Besides, it’s based on a Roald Dahl book, and that guy’s work always has the most interesting take on kid-friendly stories, to put it mildly.

As explained by the narrator (DeVito), dishonest used car salesman Harry Wormwood (also DeVito) and his wife Zinnia (Rhea Perlman) find themselves with a baby girl, eventually named Matilda. While their son Michael (Brian Levinson) is very much the TV-watching idiot his parents are, young Matilda was taking care of herself since she was two years old and is absolutely brilliant, a girl who would rather read books than anything else and can do advanced multiplication in her head. She’d like to go to school, but her father needs her at home to sign for packages in part of his shifty used car business. Sure, Matilda is the only one who’s figured out the FBI is staked out across the street, but she may sadly be used to her family ignoring her. But a stray comment by her father about punishing people when they are bad gets to Matilda in interesting ways.

That will come in handy when Harry finally sends his daughter to school. Crunchem Hall Elementary School sounds like a dream come true until she gets there and meets the principal Miss Trunchbull (Pam Ferris), a child-hating woman who likes to literally throw children around as punishments. The only saving grace in Matilda’s life is her teacher Miss Honey (Embeth Davidtz), a woman who actually encourages Matilda and her other charges to learn more things even in the midst of the miserable place that is Crunchem Hall. Will Matilda find happiness?
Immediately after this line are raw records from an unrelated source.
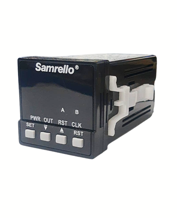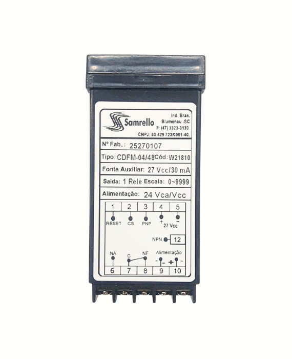 Controlador digital multifunção modelo CDFM-04/48-24, projetado para atuar como contador, temporizador e medidor de frequência em aplicações industriais. Permite monitorar e controlar eventos, tempo e sinais pulsados em máquinas e processos automatizados, com visualização em display digital e possibilidade de acionamento de saída conforme parâmetros configurados.
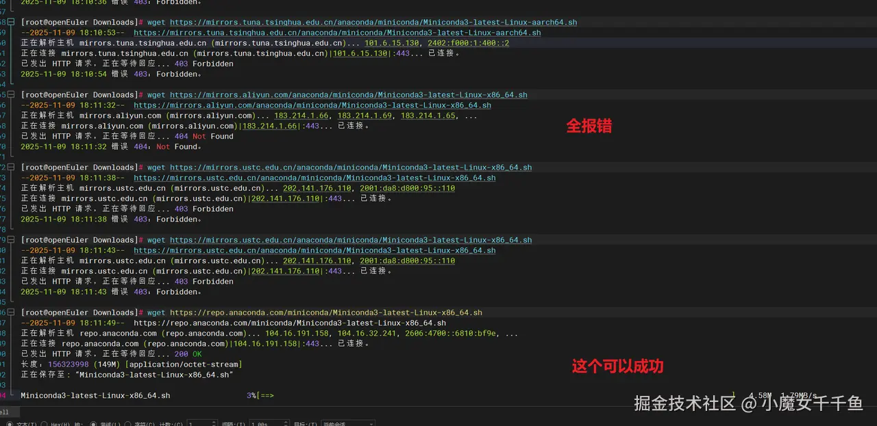 为了提高软件下载速度,我们配置国内的镜像源。 重要提示:openEuler 25.09 是创新版本,部分国内镜像源可能尚未完全同步。���们提供多个镜像源方案供选择。 声明: 以下方法选择一个就行 因为很多源有时候链接不上 我都放在下方让大家去试试
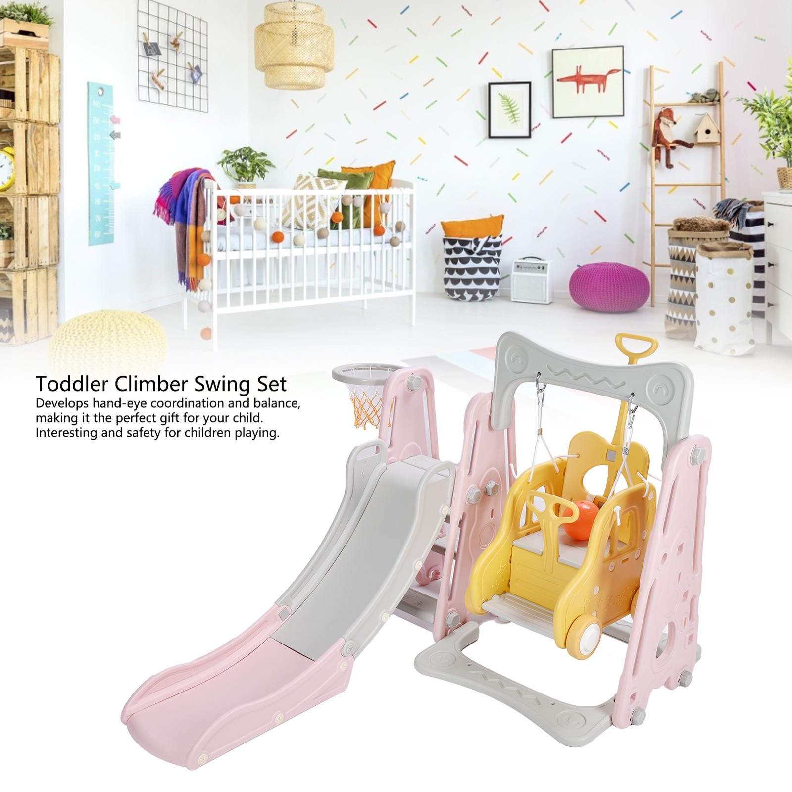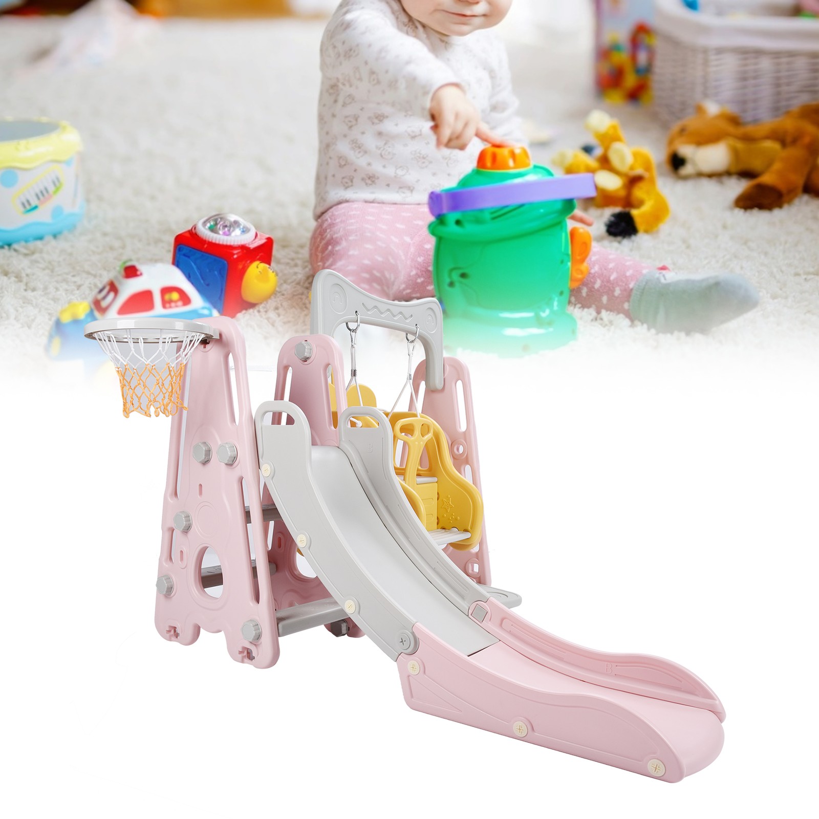 4-in-1 Kids Swing and Slide Set Toddler Climber and Slide Set Children's Play Climbing Slide Set with Basketball Hoop
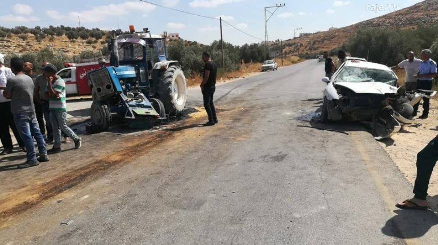 وقال الجعبري:" الحادث الثاني نتج عن تصادم جرار زراعي مع مركبة خاصة، ما أدى لإصابة 4 أشخاص، حيث عملت إسعاف الهلال الأحمر واسعاف مستشفى أبو الحسن القاسم في يطا على نقلهم إلى المستشفى.
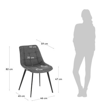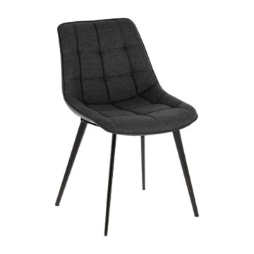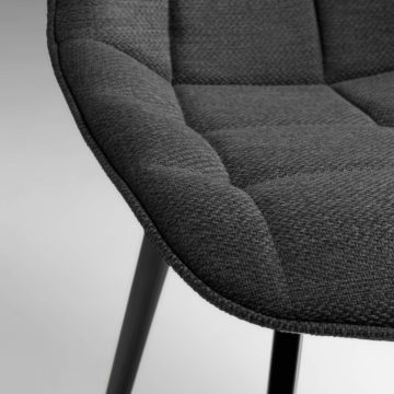 Jedilniški stol Adah odlikujejo kakovostni materiali in udoben dizajn. Oblazinjeno sedišče z naslonom je oblečeno v tkanino odporno proti madežem in tekočini. Struktura je izdelana iz jekla in za popoln videz lakirana v mat črno. Stol je dobavljiv v dveh odtenkih fleksibilne sive barve.

Now, I liked this movie, but I gotta say, this is a very odd movie. Why is DeVito both the sweet narrator and the nasty Harry Wormwood? They aren’t the same person. Meanwhile, DeVito the director favors these weird close-ups and odd angles throughout the movie. Even as Matilda finds ways to teach the awful adults in her world some much-deserved lessons, this is a movie with a very unique POV. Maybe that’s a hallmark of DeVito’s directorial style since I can’t say I am all that familiar with his other work, but it sure gave the movie a very different look.

And oddly enough, maybe because I didn’t grow up with Matilda, there is a part of me that wonders if this works better as a movie for adults than it does as a movie for children. There’s nothing here that couldn’t work for kids, but at the same time, I think it will work better for older viewers. The odd angles and the like just struck me that way. This really is just a weird movie, but it’s a good kind of weird.